For a case like this, where the asthma wasn't severe, symptoms could be controlled with continuous use of inhaled corticosteroid anti-inflammatory medications.

There was even a reasonable possibility of complete remission as he matured and his immune system strengthened.

But the prerequisite was long-term medication compliance.

However, his mother clearly had different ideas.

"Dr. Wells, I'm seriously questioning your qualifications right now.

I don't trust your judgment. I need to see Dr. House.

Dr. House must have another treatment option—not just constantly using an inhaler!

Do you realize that medication can stunt his growth and development!
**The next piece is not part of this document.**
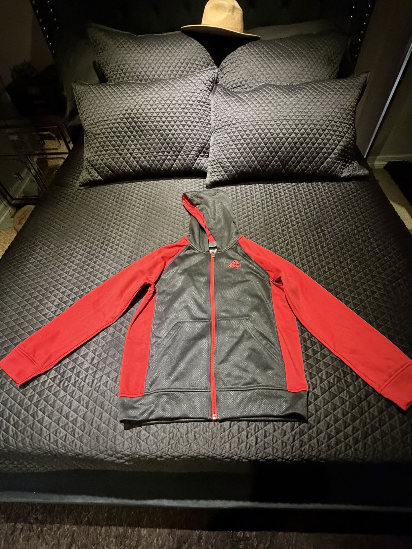 Stay comfortable and stylish with this Adidas youth full-zip hoodie in a bold black and red colorway. Perfect for sports, school, or everyday wear. • Youth Size Large (14/16) • Lightweight performance fabric (100% polyester) • Full zip front with hood • Front pockets • Breathable, moisture-wicking material • Great for training, soccer, gym, or casual wear Condition: Good pre-owned condition with normal wear, no major flaws.

My son is only ten years old. There's absolutely no need for such harsh medication!

There must be an alternative that won't affect his growth!"

David shook his head helplessly:

"Have you considered the possibility that without medication, your son might stop breathing?

In that scenario, are you sure you want to refuse treatment?

Moreover, asthma reduces the oxygen reaching his brain. Compared to the minimal risks of medication during childhood development, chronic oxygen deprivation is far more dangerous, isn't it?

I strongly recommend starting treatment immediately to prevent respiratory failure and simultaneously maximize his chances of full recovery."

Even after David's explanation, the boy's mother's face remained full of distrust.

"Are you threatening me? Because I will file a complaint!

You're so young—obviously you lack experience and can't think of alternatives.

But you can't just dismiss other options!

There must be other treatments. I'm going to wait right here until Dr. House shows up. I'm not leaving!"